== PROVIDED ENTRIES ==
···
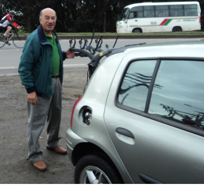 7:20 a.m. Al llegar con sorpresa veo que Hugo Gutiérrez ya se encuentra en el parqueadero en los Kioskos, fue el primero en llegar, le correspondía hoy su turno como conductor elegido. Interrumpió su vacaciones de abril y se vino de Carmen de Apicalá expresamente para cumplirles a sus amigos ciclistas, oigan, nos trajo tremendos bananos, parecían plátanos hartones. Muchas gracias Huguito.
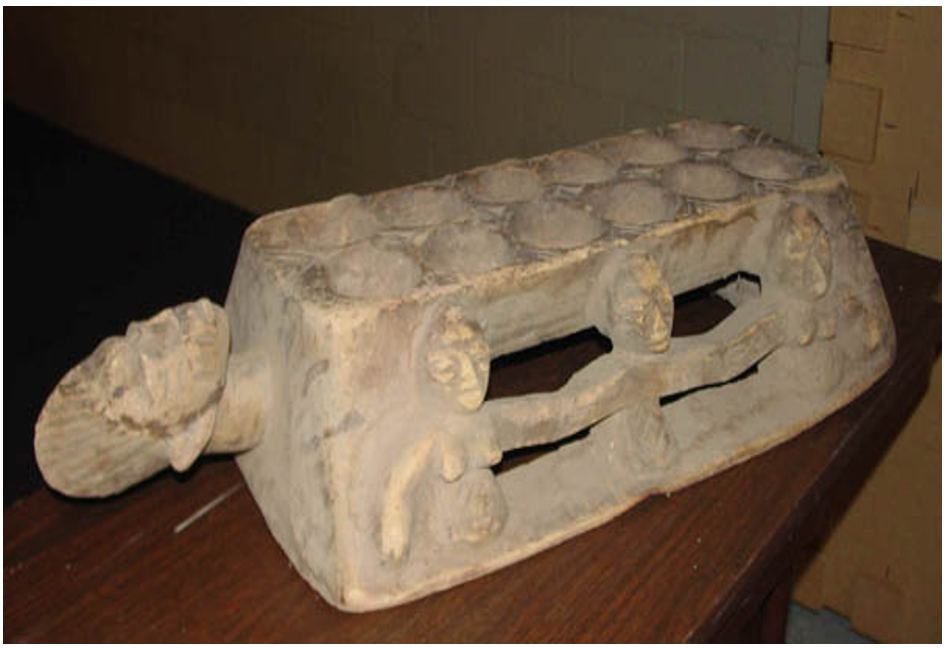 Para o povo Yorubá da Nigéria, o Ayoayo possui dois suportes figurativos criados em ambos os lados da tábua onde estão representadas as covas que são feitas no chão; este suporte simboliza os valores culturais (ver Figura 3). Há uma figura masculina entre duas figuras femininas em cada lado simbolizando os relacionamentos, que são uma parte importante de sua cultura. “Para os Yorubás, a vida é um agregado de relacionamentos - relacionamentos com outras pessoas, com a natureza, com doenças e morte, e com o próprio passado e o destino pessoal. Os relacionamentos nunca são estáticos” (Fagg & Pemberton, p. 164, como citado em O'Connell, 2004, p. 1) e o Ayoayo é um instrumento que carrega consigo estes valores.
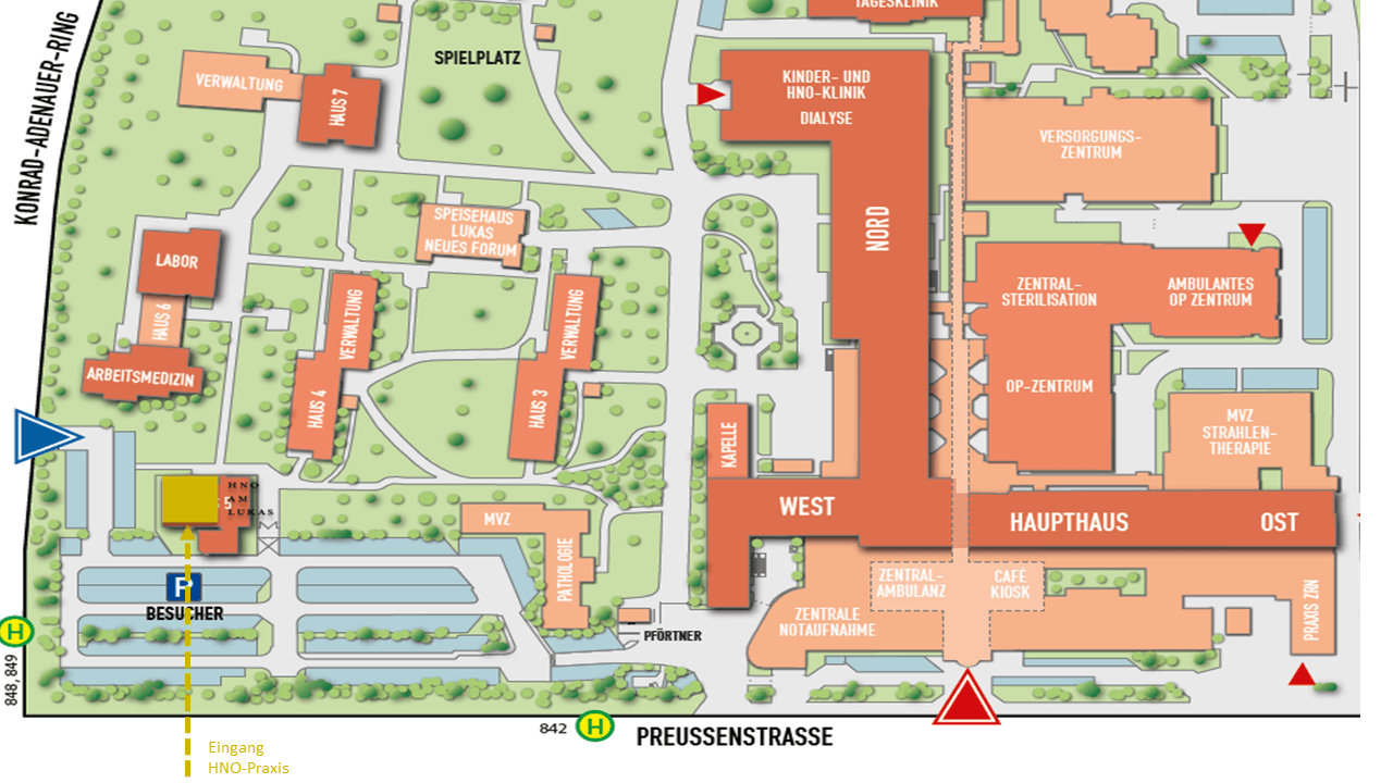 You will find our practice on the premises of the Lukas Hospital in Neuss. We are therefore optimally connected to the public transport network and the nearest bus stop for lines 849 and 842 is a 1-minute walk away. Or park conveniently and inexpensively in the Lukas car park.
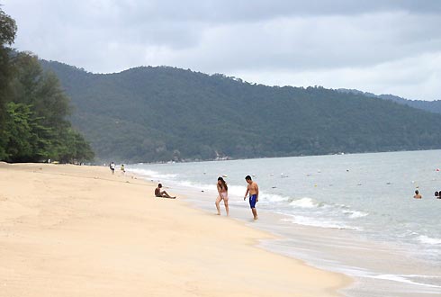 Di pulau Penang ini, ada banyak lapangan pantai indah seperti Tanjung Bunga, Batu Ferringhi dan Teluk Bahang. Diantaranya yang paling menonjol ialah lapangan pantai Batu Ferringhi. Lapangan pantai ini terletak kira-kira 20 menit kalau naik mobil dari pusat kota George Town. Di atas jalan yang menuju ke Batu Ferringhi, ada ruas-ruas tanjakan, berliku-liku dan luar biasa indahnya, di sebelah sini gunung dan di sebelah sana laut. Saudara San Noburi, wisatawan Thailand yang baru saja pulang dari kunjungannya di pulau Penang memberitahukan: “Ini untuk kedua kalinya saya datang ke pulau Penang. Kali pertama, saya bersama-sama dengan sahabat telah datang ke sini. Sedangkan kali ini, saya memilih Penang dalam kunjungan bulan madu bersama istri. Lapangan pantai cukup liar. Air lautnya yang bersih dan biru dan ada lapangan-lapangan batu di dekat jalan”.
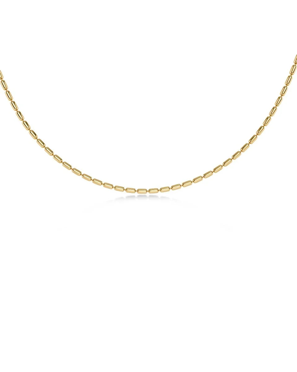 Die charmante Seed Bead ist die perfekte Kette für Layering. Ihre rechteckigen Metallformen fangen das Licht ein und verleihen deinem Look Glanz – ganz ohne funkelnde Steine. Die Halskette in 14-karätiger Vergoldung ist solo ein stilvoller Hingucker und lässt sich wunderbar mit anderen Lieblingsketten kombinieren – für einen entspannt eleganten Look
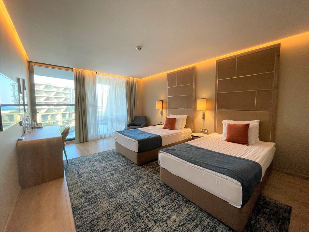 WAVE הוא רזורט משפחתי מצוין. ממש גן עדן עם אפשרויות לכל גיל. יש כאן פארק מים גדול ויפה עם שפע מתקנים לילדים, חוף ים צמוד, אזור בריכות למבוגרים בלבד, מתחם ספא משוכלל. חדרים ענקיים. אולי החדר הגדול ביותר בו התארחתי. המלון חדש. נפתח לפני שנתיים בלבד ונבנה על ידי חברה טורקית בסטייל של הקלאבים בטורקיה.
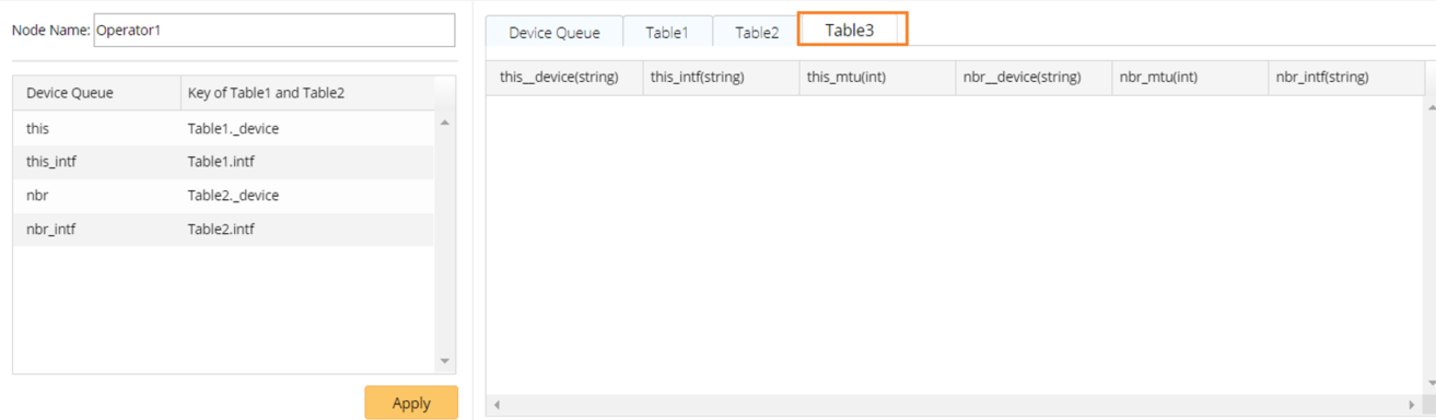 The Neighbor Join operator is used to join the variables of a device and those of its neighbor devices to a new table based on the Neighbor Pair in the Device Queue. It is only applicable when you select Neighbor Pair as device input in the Device Queue node and extend related neighbor device nodes.
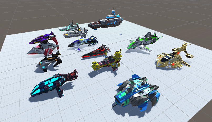 데모 신을 열면 이렇게 우주선들이 나열되어 있습니다.
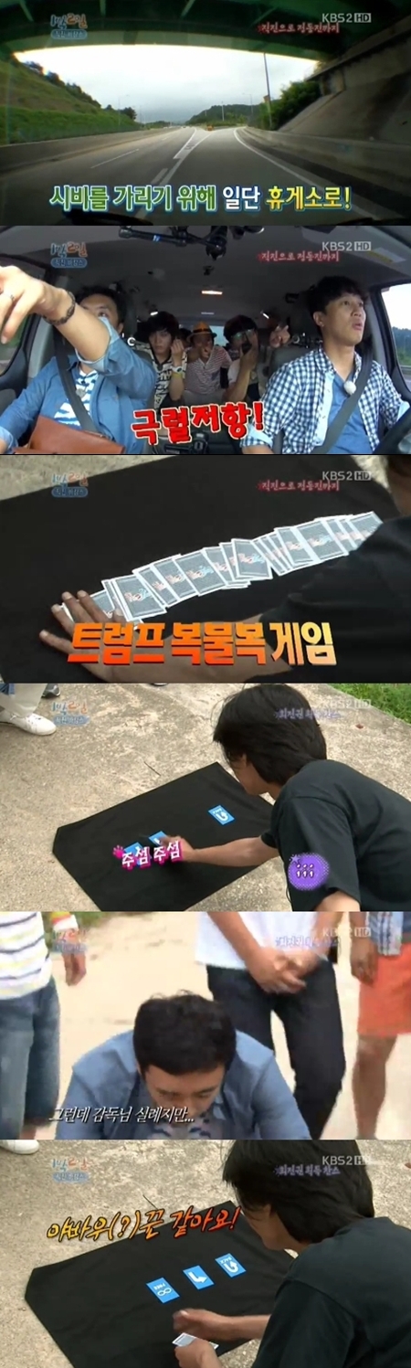 引き続き銃隊を結んだことはまた大きい兄さんキム・スンウだった. メンバーたちは製作陣が作った複雑なチャンス, トランプ福不福で鬼のように願ったカード 3枚を獲得した. 精一杯解釈死んでいる催梯形 PDにキム・スンウは "こんな言葉放送用語なのか分からないがまるでぺテン師みたいですね"と言いながら刺激したこと. 催梯形 PDはただ首を下げるだけだった.
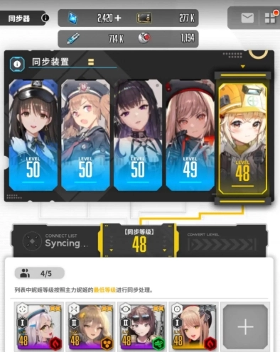 在游戏主线持续推进的过程中,重要道具同步器会逐步解锁。同步器作用关键,它依据玩家队伍里等级最高的5个角色的等级,来提升放置于同步器中的其他角色等级。这对于低氪和无氪玩家而言,是提升角色等级的绝佳机会。当玩家达到80级,可借助重置功能,先重置已升级好的SSR角色,接着升级SR角色,再通过同步器把等级同步给尚未突破的SSR角色,进而达成突破80级的目标。
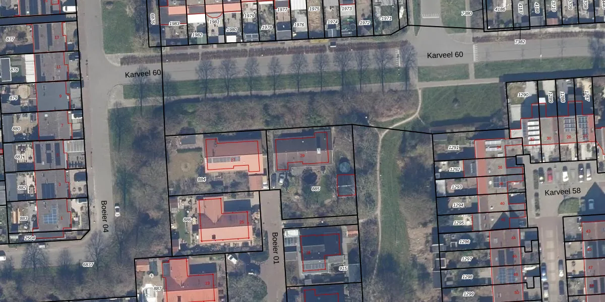 Het perceel waarop Boeier 01 29 staat heeft een oppervlakte van 821 m². Dit is een groot perceel. De perceeloppervlakte wordt geregistreerd door het Kadaster. Gedetailleerde informatie over de maten van dit perceel kunt u vinden in het rapport Kadastrale kaart met maatvoering van Boeier 01 29.
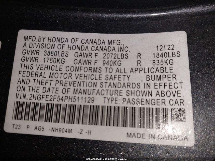 2023 HONDA CIVIC 2023 року Бензин, 2.0, Передний привод, vin - 2HGFE2F54PH511129 из США
···
== TRY IT ==
Repeat each record exactly, with the pictures left out.

== ANSWER SPACE ==
 7:20 a.m. Al llegar con sorpresa veo que Hugo Gutiérrez ya se encuentra en el parqueadero en los Kioskos, fue el primero en llegar, le correspondía hoy su turno como conductor elegido. Interrumpió su vacaciones de abril y se vino de Carmen de Apicalá expresamente para cumplirles a sus amigos ciclistas, oigan, nos trajo tremendos bananos, parecían plátanos hartones. Muchas gracias Huguito.
 Para o povo Yorubá da Nigéria, o Ayoayo possui dois suportes figurativos criados em ambos os lados da tábua onde estão representadas as covas que são feitas no chão; este suporte simboliza os valores culturais (ver Figura 3). Há uma figura masculina entre duas figuras femininas em cada lado simbolizando os relacionamentos, que são uma parte importante de sua cultura. “Para os Yorubás, a vida é um agregado de relacionamentos - relacionamentos com outras pessoas, com a natureza, com doenças e morte, e com o próprio passado e o destino pessoal. Os relacionamentos nunca são estáticos” (Fagg & Pemberton, p. 164, como citado em O'Connell, 2004, p. 1) e o Ayoayo é um instrumento que carrega consigo estes valores.
 You will find our practice on the premises of the Lukas Hospital in Neuss. We are therefore optimally connected to the public transport network and the nearest bus stop for lines 849 and 842 is a 1-minute walk away. Or park conveniently and inexpensively in the Lukas car park.
 Di pulau Penang ini, ada banyak lapangan pantai indah seperti Tanjung Bunga, Batu Ferringhi dan Teluk Bahang. Diantaranya yang paling menonjol ialah lapangan pantai Batu Ferringhi. Lapangan pantai ini terletak kira-kira 20 menit kalau naik mobil dari pusat kota George Town. Di atas jalan yang menuju ke Batu Ferringhi, ada ruas-ruas tanjakan, berliku-liku dan luar biasa indahnya, di sebelah sini gunung dan di sebelah sana laut. Saudara San Noburi, wisatawan Thailand yang baru saja pulang dari kunjungannya di pulau Penang memberitahukan: “Ini untuk kedua kalinya saya datang ke pulau Penang. Kali pertama, saya bersama-sama dengan sahabat telah datang ke sini. Sedangkan kali ini, saya memilih Penang dalam kunjungan bulan madu bersama istri. Lapangan pantai cukup liar. Air lautnya yang bersih dan biru dan ada lapangan-lapangan batu di dekat jalan”.
 Die charmante Seed Bead ist die perfekte Kette für Layering. Ihre rechteckigen Metallformen fangen das Licht ein und verleihen deinem Look Glanz – ganz ohne funkelnde Steine. Die Halskette in 14-karätiger Vergoldung ist solo ein stilvoller Hingucker und lässt sich wunderbar mit anderen Lieblingsketten kombinieren – für einen entspannt eleganten Look
 WAVE הוא רזורט משפחתי מצוין. ממש גן עדן עם אפשרויות לכל גיל. יש כאן פארק מים גדול ויפה עם שפע מתקנים לילדים, חוף ים צמוד, אזור בריכות למבוגרים בלבד, מתחם ספא משוכלל. חדרים ענקיים. אולי החדר הגדול ביותר בו התארחתי. המלון חדש. נפתח לפני שנתיים בלבד ונבנה על ידי חברה טורקית בסטייל של הקלאבים בטורקיה.
 The Neighbor Join operator is used to join the variables of a device and those of its neighbor devices to a new table based on the Neighbor Pair in the Device Queue. It is only applicable when you select Neighbor Pair as device input in the Device Queue node and extend related neighbor device nodes.
 데모 신을 열면 이렇게 우주선들이 나열되어 있습니다.
 引き続き銃隊を結んだことはまた大きい兄さんキム・スンウだった. メンバーたちは製作陣が作った複雑なチャンス, トランプ福不福で鬼のように願ったカード 3枚を獲得した. 精一杯解釈死んでいる催梯形 PDにキム・スンウは "こんな言葉放送用語なのか分からないがまるでぺテン師みたいですね"と言いながら刺激したこと. 催梯形 PDはただ首を下げるだけだった.
 在游戏主线持续推进的过程中,重要道具同步器会逐步解锁。同步器作用关键,它依据玩家队伍里等级最高的5个角色的等级,来提升放置于同步器中的其他角色等级。这对于低氪和无氪玩家而言,是提升角色等级的绝佳机会。当玩家达到80级,可借助重置功能,先重置已升级好的SSR角色,接着升级SR角色,再通过同步器把等级同步给尚未突破的SSR角色,进而达成突破80级的目标。
 Het perceel waarop Boeier 01 29 staat heeft een oppervlakte van 821 m². Dit is een groot perceel. De perceeloppervlakte wordt geregistreerd door het Kadaster. Gedetailleerde informatie over de maten van dit perceel kunt u vinden in het rapport Kadastrale kaart met maatvoering van Boeier 01 29.
 2023 HONDA CIVIC 2023 року Бензин, 2.0, Передний привод, vin - 2HGFE2F54PH511129 из США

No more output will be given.